Проснувшись, я решил хоть как-то помочь собаке. Когда наши ушли на работу, долго возился с поленом, резал лучины, связывая их веревочкой. А едва рассвело, побежал в бабушкин барак. Бабушка торопилась в магазин за хлебом и оставила меня одного, пообещав, что, как только вернется, вместе почаевничаем. Вот это-то мне как раз и было нужно – остаться одному. Едва за ней захлопнулась дверь, я подтащил лавку к углу, где на полочке стояли иконы, а за самой большой из них, на которой Матерь Божья с младенцем, находилась баночка со святой водой, которую бабушка – я знал это – набрала в крещенскую ночь из родника возле кирпичного завода.
Достаю приготовленный пузырек, осторожно начинаю переливать из банки, боясь пролить хоть одну драгоценную каплю. Но когда стал затыкать пробку, оступился, взмахнул руками… и, полетели и банка, и я с зажатым в руке пузырьком. Лежа на полу, я ошалело глядел на растекающуюся лужу. Вот этой проделки мне даже бабушка не простит.
Быстро заметаю осколки, вытираю лужу, потом беру из стола чистую баночку и наполняю ее водой из ведра. А чтобы оставалась хоть какая-то видимость святости, капаю туда несколько капель из пузырька. Вода будет не такая уж святая, но… почти святая. Кажется, все предусмотрено. Ставлю баночку за икону, прячу пузырек, оттаскиваю лавку на место и к возвращению бабушки все в порядке. За исключением мокрого пятна на полу. Чай пить, конечно, не остался, не смотря на ее уговоры. Торопясь уйти, объяснил, что, дескать, пил воду и нечаянно разлил.

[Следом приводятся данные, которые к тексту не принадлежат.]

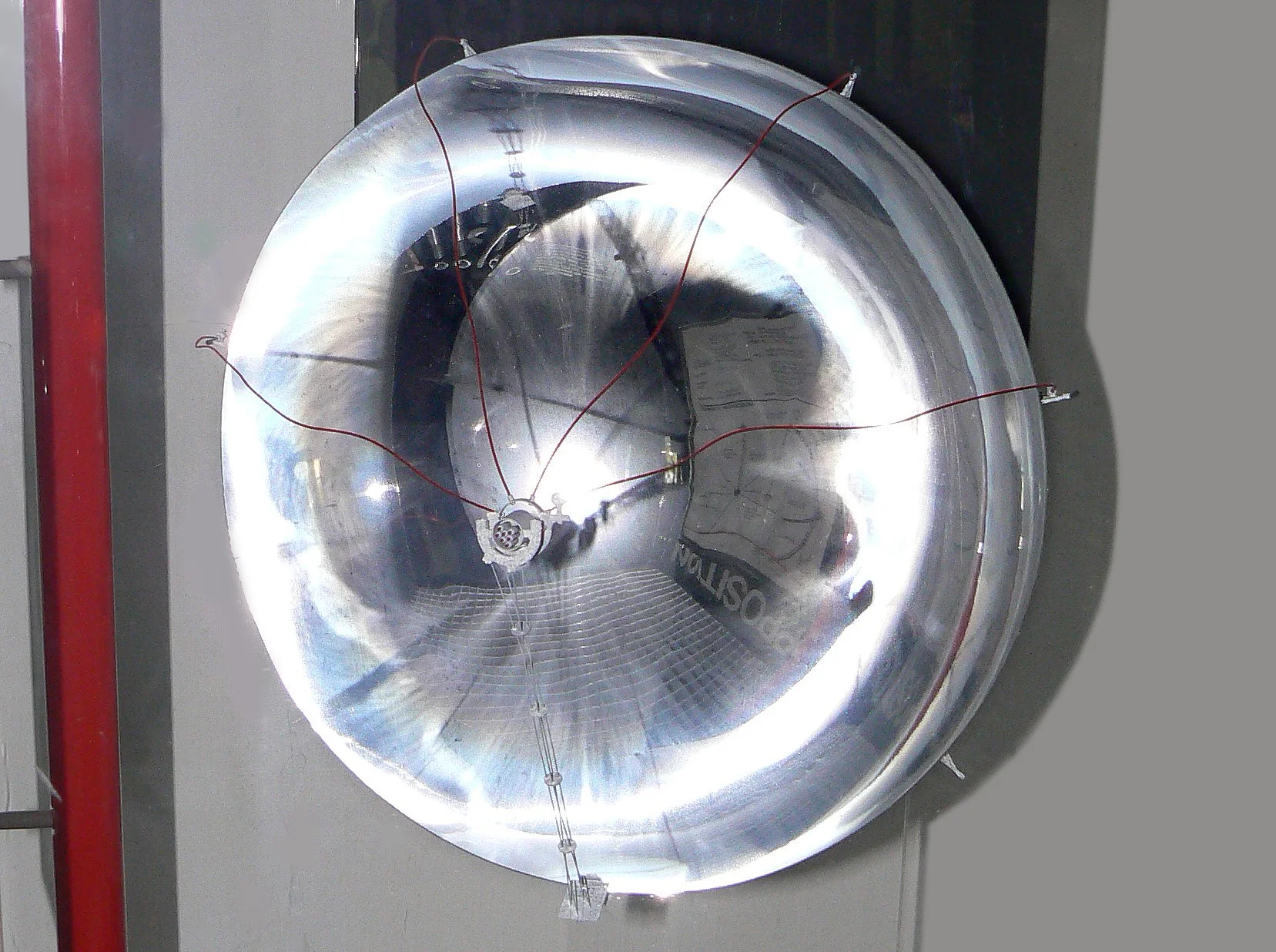 THIS DISPLAY CASE was the first of four proposed “exhibits” intended to present solutions to a quartet of problems that have plagued mankind for millennia. Meant to resemble the commercial product displays commonly seen in airports, railway stations, bus terminals and other public places, Opposition promotes Joinfast-brand connectors made by the MOTAM Corporation, bolts that will be used in a Time Mirror. Represented by a scale model, the Time Mirror is a space-based reflector platform that captures light radiated from Earth and over time returns it, thus creating a window into the past. The human tendency to foment division, the “we/they” opposition, can thus be overcome by recreating the period when there was only the singular “we.” The Time Mirror is, of course, a fanciful machine and MOTAM is a fictitious company, but Opposition is meant to evoke in the viewer a sense of the absurd cloaked in mundane utility – the rational/irrational conjunction once again. The other three dilemmas to be addressed were Perception, Power and Meaning. A second case for Perception was started in 1991, but the entire work was never completed.
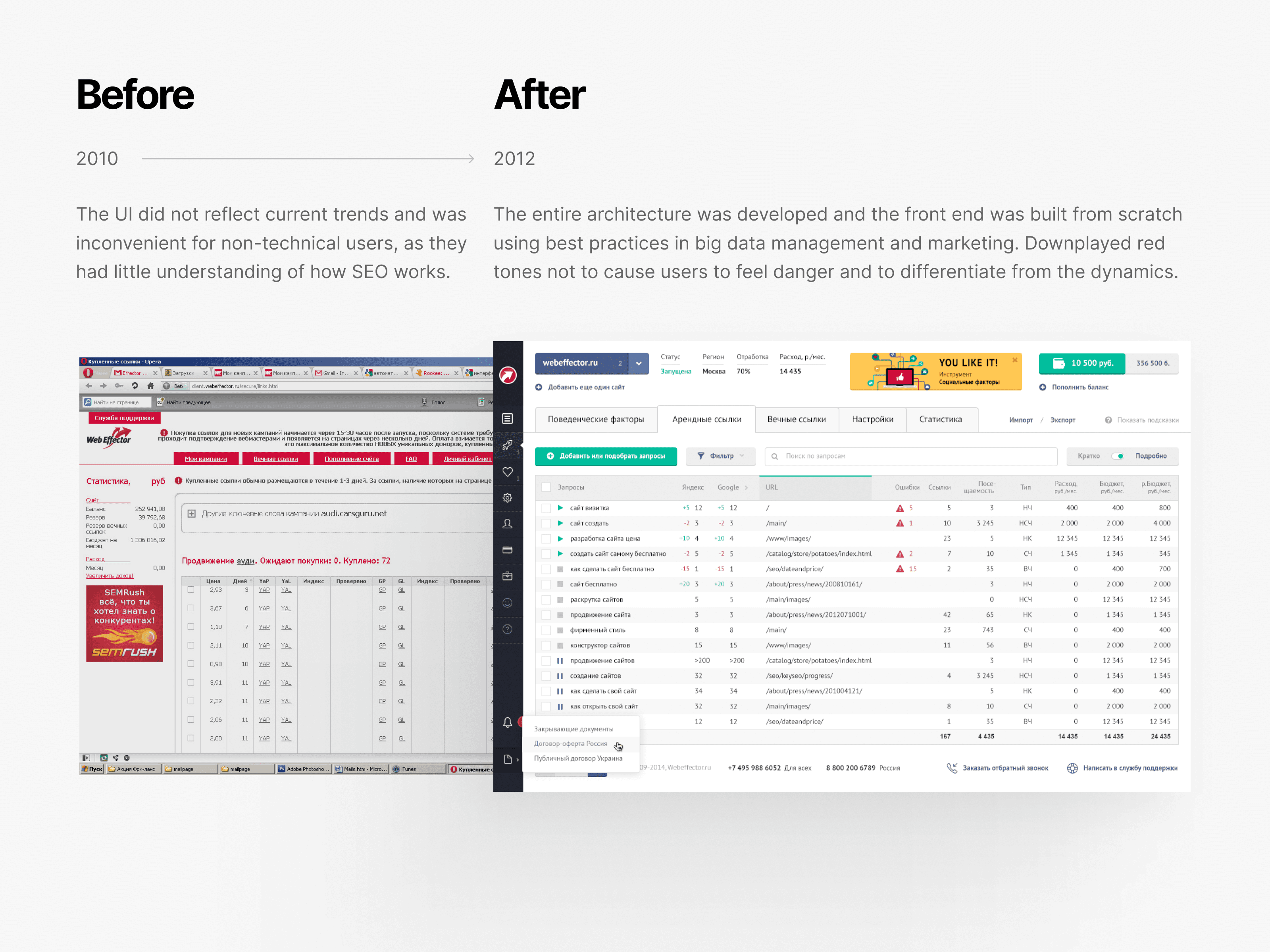 Conducted user research and interviews with marketing teams to understand workflow pain points in campaign setup and reporting. Created a scalable design system with reusable components for ads, backlinks, and ranking analytics. Designed multi-layer dashboards, real-time performance tracking, and UX flows for task automation. Collaborated closely with developers via Redmine, Jira and Confluence, ensuring design-to-dev accuracy and consistent UI behavior across web modules.
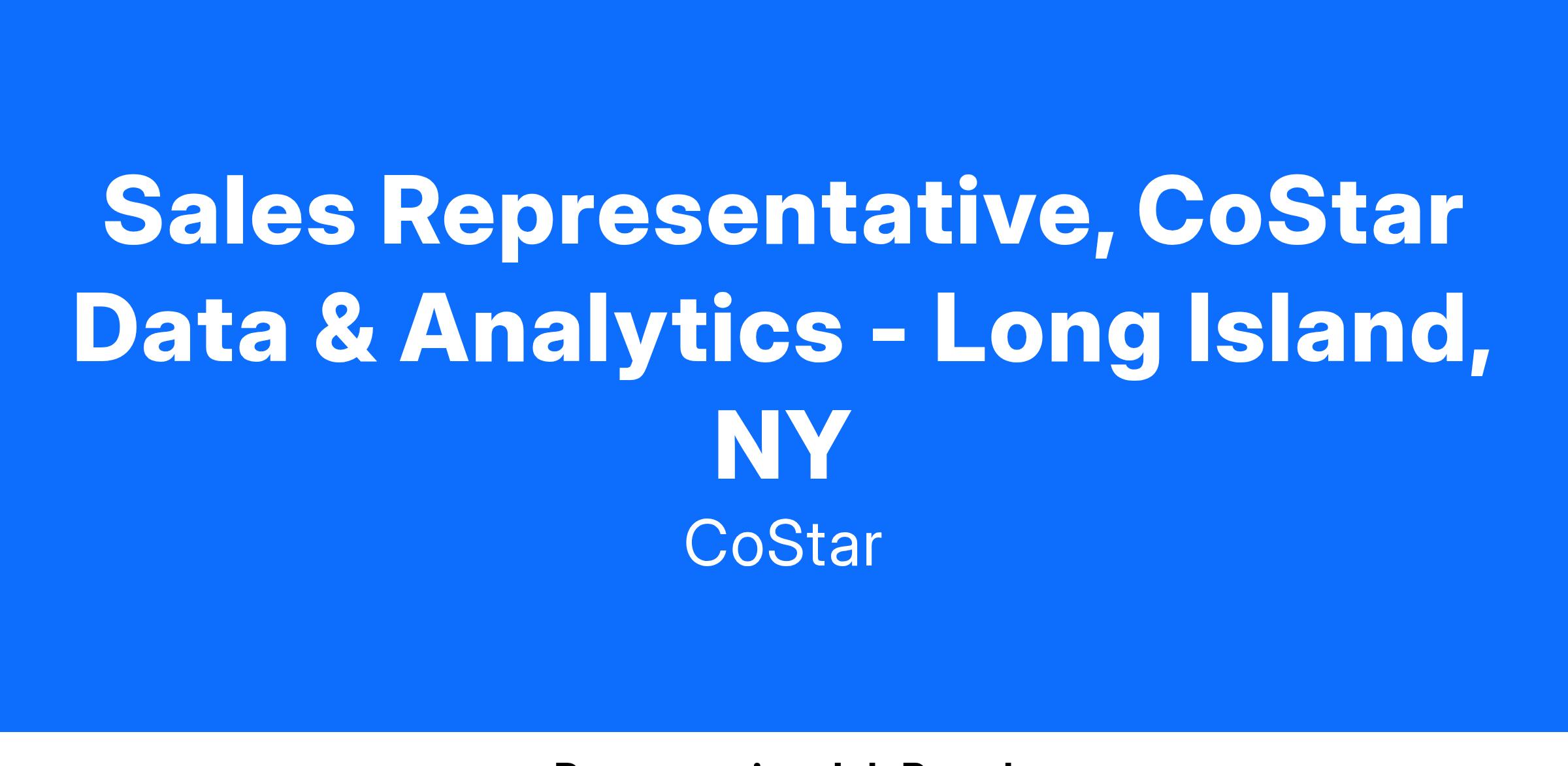 Fast to learn new concepts and apply them - CoStar clients and prospects are diverse and demanding. With a constantly evolving suite of products, successful Sales Associates are skilled at introducing them to their clients.

Вернувшись домой, я взял утреннее изделие и пошел к сангородку, где мы похоронили Жучку. Место отыскал с трудом. Вот оно, у молодой сосенки. Воткнул крест, вытащил из-за пазухи пузырек и быстро, пока вода не замерзла, побрызгал могилку.
Мама и бабушка рассказывали мне, что в рай, где тепло и много хлеба, попадают только мученики и святые. Жучка погибла мученической смертью и сейчас она, наверное, попадет в рай.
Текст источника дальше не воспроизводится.